The manufacturer will continue to invest in other alternatives in addition to electric operation. “The lack of sufficient infrastructure is holding back the transition to electric power,” Toyota CEO Akio Toyoda said.
Toyota does not believe in a future where the manufacturer will focus solely on selling electric cars. Despite the fact that many competitors aim to switch to electric cars only in the long run.
Toyotachefen Akio Toyoda adheres to the fact that a continued wide range consisting of, among other things, electric cars, hydrogen cars, internal combustion cars and hybrids is the right choice, reports Bloomberg.
It was at an event in Las Vegas that Toyoda spoke to dealers about the future of the manufacturer and the strategy they will use. Toyoda believes that electric cars will take longer to adopt than the media wants it to appear.
– The lack of sufficient infrastructure holds back the conversion to electric operation and that is one of the reasons why we will not only invest in electric operation, said Akio Toyoda.
Furthermore, the Toyota manager added that the manufacturer’s strategy will continue to be to offer such a wide range of powertrains as possible.
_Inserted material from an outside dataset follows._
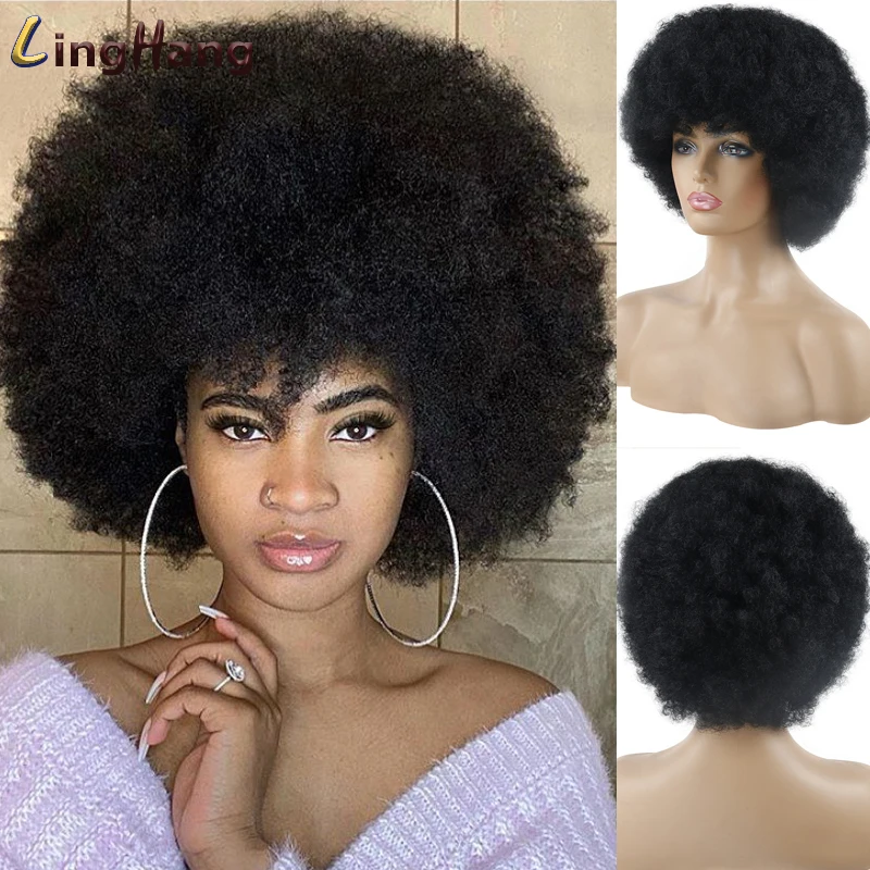 LINGHANG короткие волосы афро кудрявые вьющиеся парики с челкой для...

Toyota has received some criticism from both environmental activists and shareholders where the perception is that Toyota has been late to the ball when it comes to the conversion to electric operation. Greenpeace has put Toyota at the bottom of its list of global car manufacturers vars measures have reduced carbon dioxide emissions.
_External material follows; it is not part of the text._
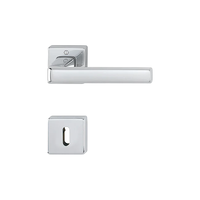Guarnitura con rosetta e bocchetta HOPPE in alluminio per porte interne, disponibili in tre varianti: Cromo satinato, Cromo lucido, Oro lucido:

But it is not an opinion as Toyoda parts, he means the manufacturer has invested in hybrids for more than two decades which he says puts the manufacturer at the top of the list when it comes to the reduction of carbon dioxide emissions from vehicles.
Last year, Toyota pledged to spend $28 billion, approximately SEK 311 billion, to roll out 30 new electric cars until 2030. Something that can be compared to Ford’s 50 billion dollars, approximately SEK 555 billion, which will be used to develop electric cars until 2026.